Charity exposes myths about men, drink and sexual attraction and explains why going dry in January may improve their chances
By
WebMD UK Health News
Medically Reviewed by Dr Keith David Barnard
69x75_hospital_admissions_alcohol_rise

17th December 2012 - A third of men think they are more attractive to the opposite sex after drinking alcohol but women didn't necessarily agree. In a survey of 4,000 adults by Cancer Research UK only 13% of women thought their partner more appealing after a drink and two in five (42%) said they hated it when their other halves were drunk.

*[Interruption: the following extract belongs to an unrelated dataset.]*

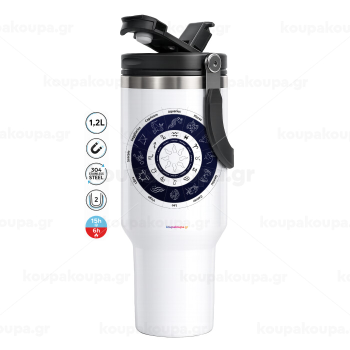 Ζωδιακός κύκλος, Mega Stainless steel Tumbler with lid, double wall 1,2L

The survey was commissioned by Cancer Research UK to mark its new fundraising campaign, Dryathlon, where people raise money in January by keeping off the booze which, according to the survey, may also improve their chances with the opposite sex.

Alcohol misconceptions

One in five men believe they are better in bed after a boozy night, while almost half (43 per cent) claim to be wittier after a few drinks.

However, two in five women (42%) didn't think alcohol boosts their partner's performance in bed and nearly a third of females (30%) feel their partner is not funnier when drunk.

Two in five men (40%) believe they are better dancers after drinking but more than a third of women (37%) said alcohol does nothing to boost a man's moves on the dance floor.

The poll found almost a third (31%) of men thought they were more likely to attract a partner after a drink although more than a quarter of men (28%) admitted to making calls or texts when drunk which they later regretted.

Dryathlon

Ed Aspel, from Cancer Research says in a press release: "We wanted to explore some of the myths we thought men held on to about how they appeared to the opposite sex after a drink or two."

The survey suggests there are a number of reasons to stay off the booze but as an added incentive Cancer Research UK is launching Dryathlon to encourage drinkers to give up alcohol throughout January and raise funds for the charity at the same time. People can either donate the cost of their drinks, get sponsored or maybe challenge a friend to see who can keep off alcohol the longest.

"The fact that 42% of all women hate it when their partners are drunk is a pretty good incentive to give Dryathlon a go and stay off the booze for a month. Not only might they have more luck with the ladies, they can do it in the knowledge that they’re raising money for a good cause at the same time," says Ed Aspel.

The charity's Dryathlon website page includes an easy to use sliding calculator which quickly shows how much cash you're spending on drink and how many calories you’re ingesting.